Provides Natural Language Processing capabilities for OpenSearch, enabling semantic search, hybrid search, and ML-powered query understanding.

## Features

- **Semantic Search**: Vector-based search using text embeddings
- **Hybrid Search**: Combines keyword matching with semantic search
- **Semantic Caching**: Intelligent query caching based on similarity
- **ML Model Management**: Deploy and manage OpenSearch ML models
- **External Model Support**: Connect to OpenAI and other ML services

## Requirements

- Drupal 10 or 11
- `search_api_opensearch` module
- OpenSearch server 2.19 with ML Commons plugin ([Documentation](https://docs.opensearch.org/2.19))
- PHP 8.1+

**Important**:
- This module currently supports OpenSearch version 2.19. Other versions may have compatibility issues with ML Commons features.
- You can use OpenSearch pretrained models for semantic search. See [OpenSearch Pretrained Models](https://docs.opensearch.org/2.19/ml-commons-plugin/pretrained-models/) for available models and their configurations.

## Installation

```bash
composer require drupal/opensearch_nlp
drush en opensearch_nlp
```

### Required Patch for OpenSearch PHP Client 2.19 version

This module requires a patch to the `opensearch-project/opensearch-php` library to support ML model search queries and automatic KNN index creation.
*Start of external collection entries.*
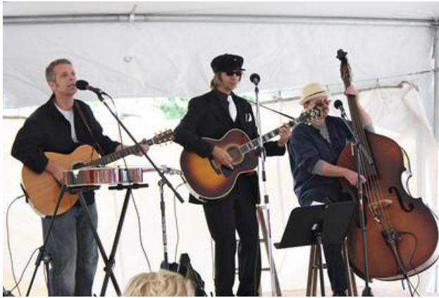
Gather Round at the Paint Creek Folklore Society Stage
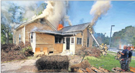
Bethlehem Church donated property where the Gaston County Children's Advocacy Center will build their new facility. Here, area firefighters train as they burn the old structure which had occupied the property Friday morning, Oct. 5, 2018.

seen a sharp increase in the number of interviews with children over the past year, warranting the need for a larger facility, said Kauffman. The Lighthouse has been operating in the Highland Health Center since April 2016. The house on Bethlehem Road was previously used by Bethlehem Church and for group meetings from other organizations. The new facility will feature a dedicated therapy wing for individual and group therapy, and the ability to offer play therapy. It also will have a more homelike atmosphere with living room and kitchen settings and other general living spaces. The building plan is still a work in progress, though Kauffman showed a preliminary design Friday. These plans call for a one-floor layout in a 7,700-square-foot space. Kauffman said the project "has been a dream for a long time" and expressed her gratitude for the community's support, particularly Bethlehem Church. "It's an extremely, extremely gracious offer
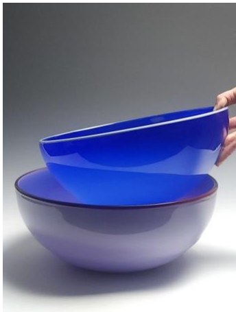
Jessi Moore Blue Fruit Bowl, 2023 Hand Blown Glass 5.5 high x 11 wide inches
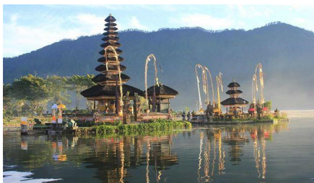
Figure 9. Ulun Danu Beratan Temple, Tabana Regency [14]

One of the iconic destinations in Bali that you can visit next is Kelingking Beach (Figure 8) in Nusa Penida. This beach is located in West Nusa Penida, Bali. The name Kelingking Beach itself comes from the appearance of this beach which looks like a little finger, although some say it looks like a Tyrannosaurusrex. On this beach, visitors can take selfies on the cliffs which show the beauty of Kelingking Beach. The entrance fee to Kelingking Beach is IDR 5,000 per trip [1-5].
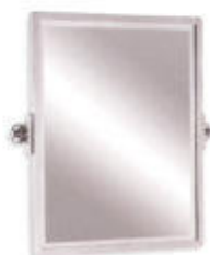
LB 4509 CLASSIC TILTING MIRROR WITH BEVELLED GLASS
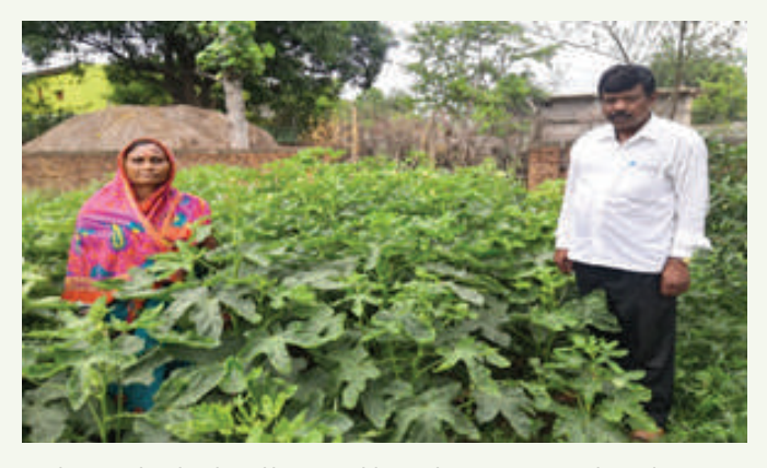
Kitchen Garden developed by vegetable minikit support at Mishrapali VSS area of Rourkela Division, an AJY convergence initiative

have been undertaken in convergence with the schemes and programs of various Departments. Some of the activities carried out through schematic convergences in various Divisions are given in a snapshot.
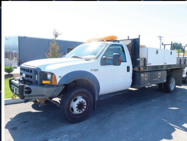
2007 FORD F450
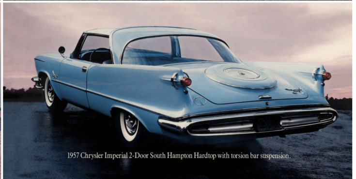
1957 Chrysler Imperial 2-Door South Hampton Hardtop with torsion bar suspension.

Chrysler's known that for over 60 years.
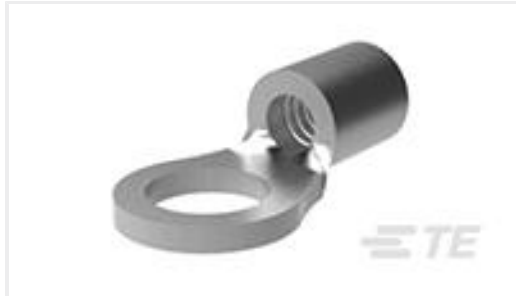
TE Part #8-34123-1 TERM,SOLIS R 16-14 10
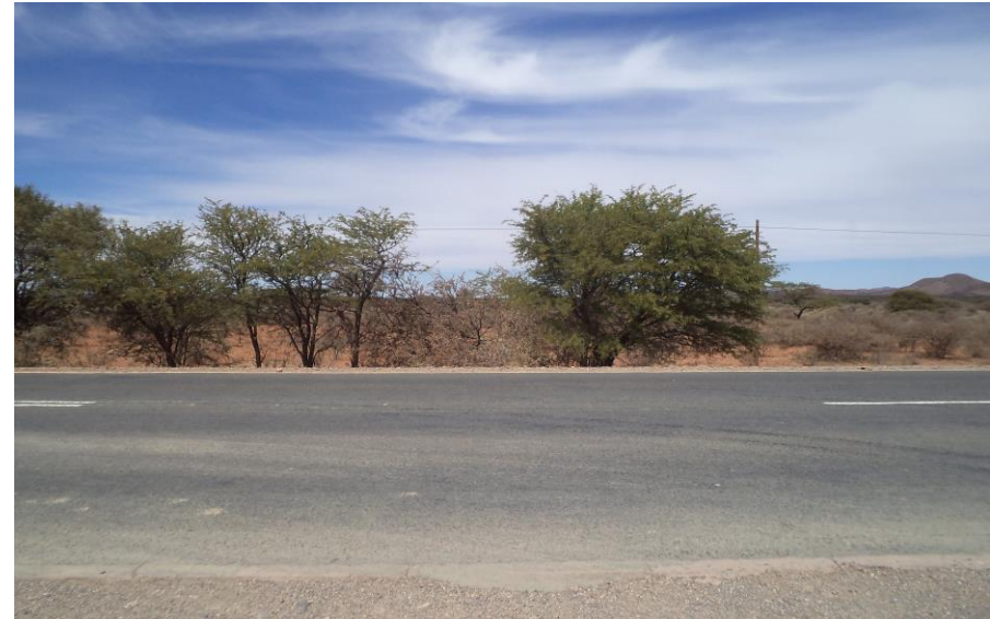
View from the Shoulder looking onto the N14 and at the existing servitude running parallel to the N14
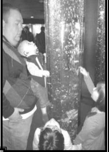
The Lills, PA, visit the Baltimore Aquarium
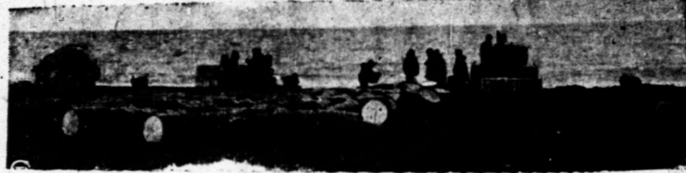
Point Barrow beach: Three weeks to unload for a year.
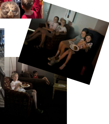
Pizza & Movie Day
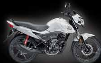
Pearl Amazing White
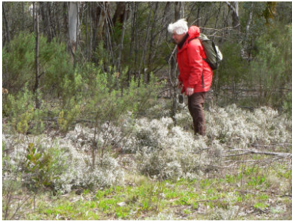
Cryptandra amara JG
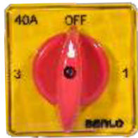
CAM OPERATED ROTARY SWITCH PHASE SELECTOR SWITCH (3 Way with off) HSN CODE : 90283010
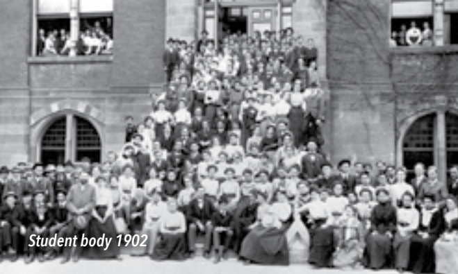
Student body 1902
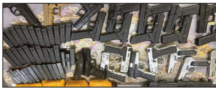
In a major breakthrough in the ongoing drive to make Punjab a safe and secure state, as directed by Chief Minister Bhagwant Singh Mann, Counter Intelligence (CI) Faridkot, in coordination with the Border Security Force (BSF), has successfully foiled a major cross-border smuggling attempt along the land border near Border Outpost (BOP) GG-3 at village Teja Rahela in Fazilka.

tion in the early hours of Thursday in the area of village Teja Rahela, Fazilka. During the operation, Pakistani smugglers attempted to push the consignment, but BSF troops responded swiftly and successfully thwarted the attempt, resulting in a substantial seizure of arms, ammunition, and narcotics from the spot. The AIG further stated that further investigations are underway to identify and trace local smugglers and to unravel the entire smuggling network involved in the cross-border operation. In this connection, FIR No. 01 dated 29-01-2026 has been registered under Sections 21-C and 29 of the NDPS Act and Section 25 of the Arms Act at Police Station SSO Fazilka.
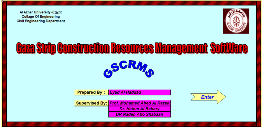
Figure 1: Start sheet

Figure 1 illustrates the start sheet. It provides a summarized identification of the software. The user can open the main menu sheet by clicking on " Enter " icon of the bottom at this sheet.
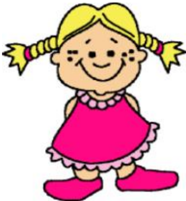
A _____ girl
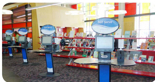
A number of self-service machines displayed at the Gungahlin Library.

and its interior design have bright colors and well lighted. The lighting design of the children's area, the youth animated area, the bookshelves design, the directions, the tables and chairs of the discussion area are also all very bright. Altogether they give a lively, relaxed feeling.
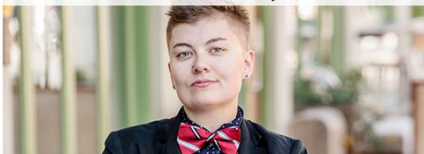
Building Better Lives Across the Gender Spectrum
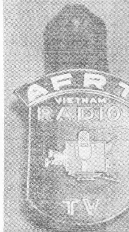
Armed Forces Radio-TV insignia
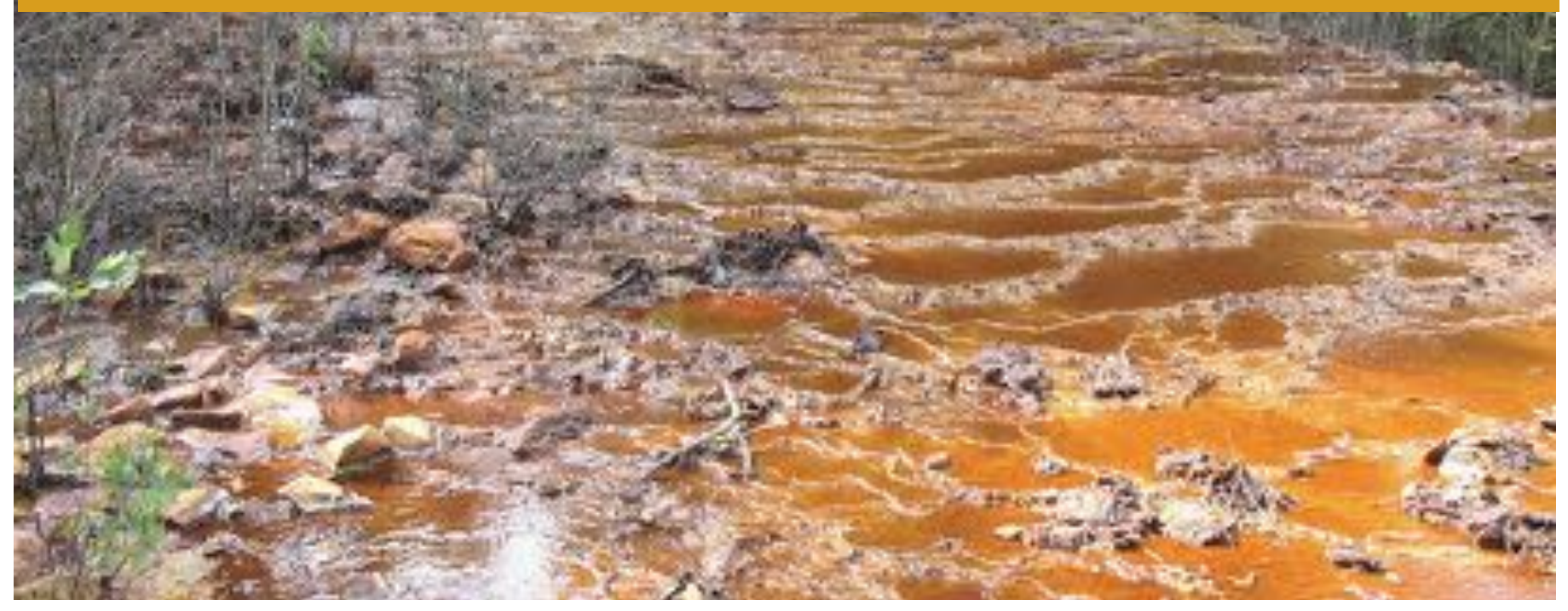
Acid Mine Drainage in a stream

On March 27, 2017, the Sierra Club joined with Save Our Sky Blue Waters and the Save Lake Superior Association in filing legal action against the U.S. Forest Service (USFS) land exchange with PolyMet.
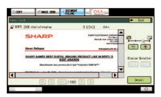
Sharp's Image Check feature allows users to preview stored documents at the device. Easily zoom, rotate and scroll.
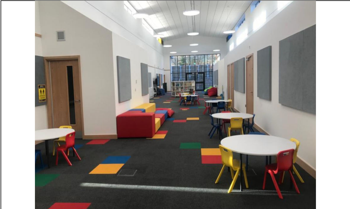
A multi-purpose learning resource area or 'heart space' at Hirwaun Primary School.
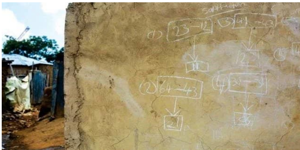
Figure 2: A wall converted for learning process.
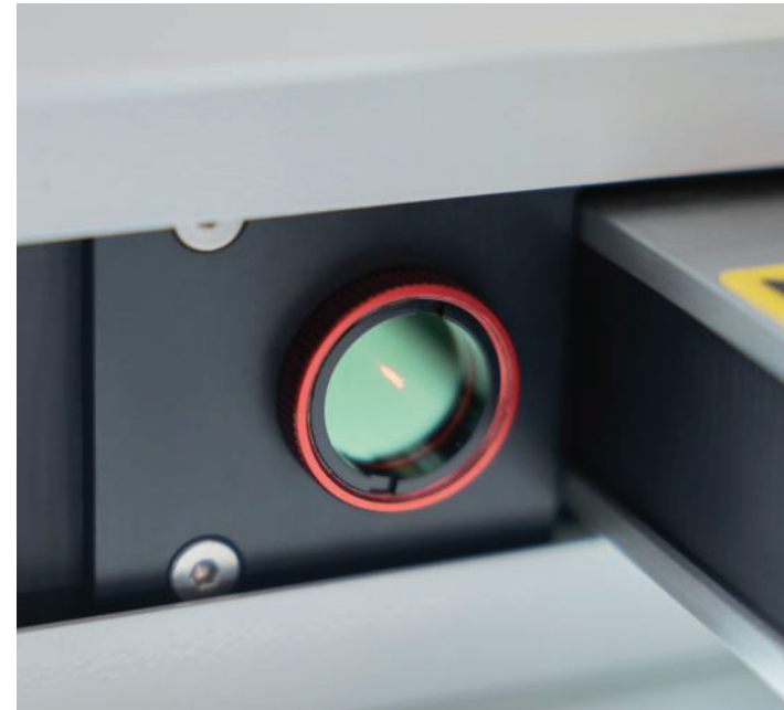
Magnetic suction design, cleaning and changing mirrors is more convenient
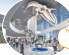
The life-size skeleton of Akishima Kujira greets visitors!

A new learning spot in Akishima, with library and regional archive! Akishima Educational Welfare General Center E-3 Scheduled to open in Mar. 2020
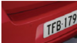
ParkAssist ® – Reverse Parking Sensor (2 head kit)
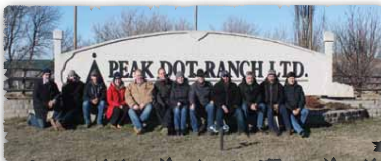
Visitors from Estonia

BW: 77lbs. Adj 205 day Wt: 902 lbs. BW:+2.3 WW: +68 YW: +112 Milk: +18
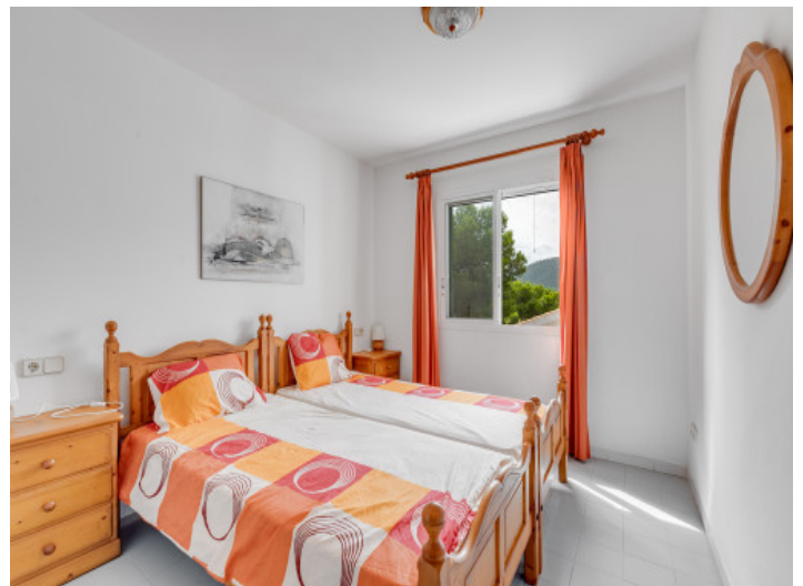
Second double bedroom

All information is correct to the best of our knowledge. Errors and prior sale excepted. This prospectus is purely for information purposes. Only the notarized deed of sale is legally binding.
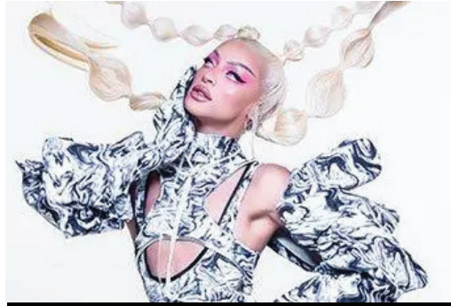
Pablo Vittar - Friday Headliner
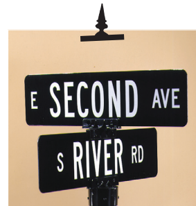
DRAKE D2-246 24"x 6" Four-way twin post with spike
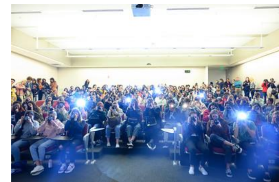
Photo 360, San Diego City College, 2020
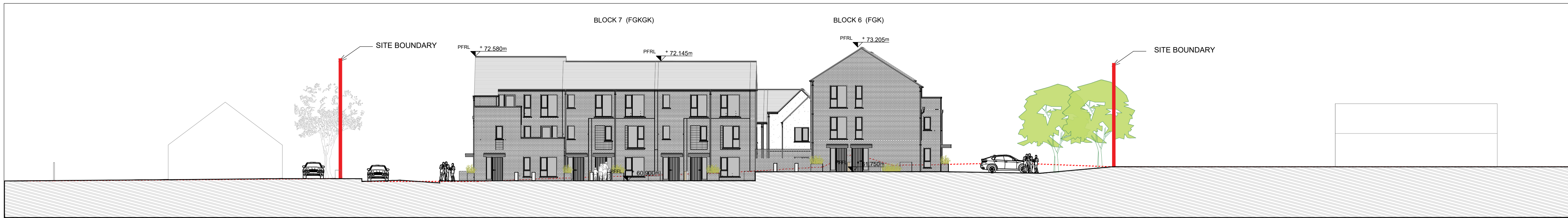
SECTION H-H 1:200 SCALE
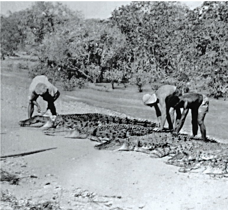
There were an estimated 100,000 wild saltwater crocodiles when commercial crocodile hunting intensified in the late 1940s. By 1958, it is estimated 87,000 wild skins had been exported from the Northern Territory.

In 1946, when high demand for crocodile fashion leather re-emerged after WWII, the Northern Territory was still sparsely populated. The capital city, Darwin, contained around 2000 “white” people. Local entrepreneurs began commercial hunting of crocodiles for skins, within rivers and creeks around the coast, and in coastal floodplain swamps. Eradicating crocodiles was legal and still viewed as a social good. Crocodile hunting was welcomed as a new and novel industry within a remote frontier, where options for economic development were limited by small population size and the tyranny of distance.
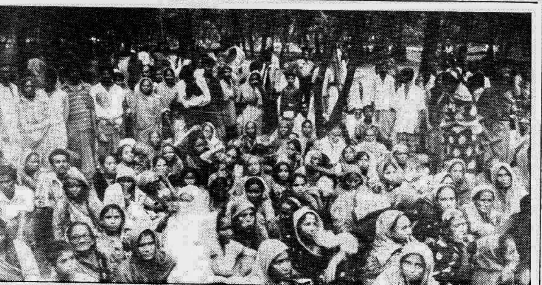
These people, claiming themselves to be evicted slum dwellers, occupied a part of the Osmany Udyan yesterday. They are organised under the banner of Bangladesh Bastuhara Samity, whose address is stated to be the same as the Awami League central office.
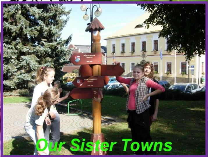
Our Sister Towns

Add the following to your `composer.json`:

```json
{
  "extra": {
    "patches": {
      "opensearch-project/opensearch-php": {
        "Support POST method for ML model search and auto-enable KNN on index creation": "patches/opensearch-php-ml-model-search-knn.patch"
      }
    }
  }
}
```

**Patch contents** (`patches/opensearch-php-ml-model-search-knn.patch`):

```diff
diff --git a/src/OpenSearch/Endpoints/Ml/SearchModels.php b/src/OpenSearch/Endpoints/Ml/SearchModels.php
index 25d7e06b..868d295c 100644
--- a/src/OpenSearch/Endpoints/Ml/SearchModels.php
+++ b/src/OpenSearch/Endpoints/Ml/SearchModels.php
@@ -40,7 +40,7 @@ class SearchModels extends AbstractEndpoint

     public function getMethod(): string
     {
-        return 'GET';
+        return isset($this->body) ? 'POST' : 'GET';
     }

     public function setBody($body): static

diff --git a/src/OpenSearch/Namespaces/IndicesNamespace.php b/src/OpenSearch/Namespaces/IndicesNamespace.php
index 7d6b5ca5..fbbbe40b 100644
--- a/src/OpenSearch/Namespaces/IndicesNamespace.php
+++ b/src/OpenSearch/Namespaces/IndicesNamespace.php
@@ -209,6 +209,19 @@ class IndicesNamespace extends AbstractNamespace
      */
     public function create(array $params = [])
     {
+        // Ensure 'body' exists and is an array
+        if (!isset($params['body']) || !is_array($params['body'])) {
+            $params['body'] = [];
+        }
+        // Ensure 'settings' and 'index' keys exist
+        if (!isset($params['body']['settings']) || !is_array($params['body']['settings'])) {
+            $params['body']['settings'] = [];
+        }
+        if (!isset($params['body']['settings']['index']) || !is_array($params['body']['settings']['index'])) {
+            $params['body']['settings']['index'] = [];
+        }
+        // Set knn to true
+        $params['body']['settings']['index']['knn'] = true;
         $index = $this->extractArgument($params, 'index');
         $body = $this->extractArgument($params, 'body');
```

**What this patch does:**
1. **ML Model Search**: Allows POST method for `SearchModels` endpoint when a body is present (required for filtering models by query)
2. **Auto-enable KNN**: Automatically enables KNN (K-Nearest Neighbors) on index creation, which is required for vector search functionality

## Setup

### 1. Add Vector Field to Index

1. Go to your Search API index: `/admin/config/search/search-api/index/{index_id}/fields`
2. Add a new field:
   - **Type**: String
   - **Data Type**: **Opensearch Text embedding Vector**
   - **Name**: Based on your mapping field (e.g., `title` → `title_embedding`)
3. Save the index

### 2. Configure NLP Settings

1. Go to `/admin/config/search/opensearch-nlp`
2. Enable NLP and set model configuration
3. Under "Index-specific NLP settings":
   - Enable NLP for your index
   - Set mapping-embedding pairs: `title|title_embedding`
   - Set pipeline IDs, search type, etc.
4. Save configuration (this creates model and pipelines automatically)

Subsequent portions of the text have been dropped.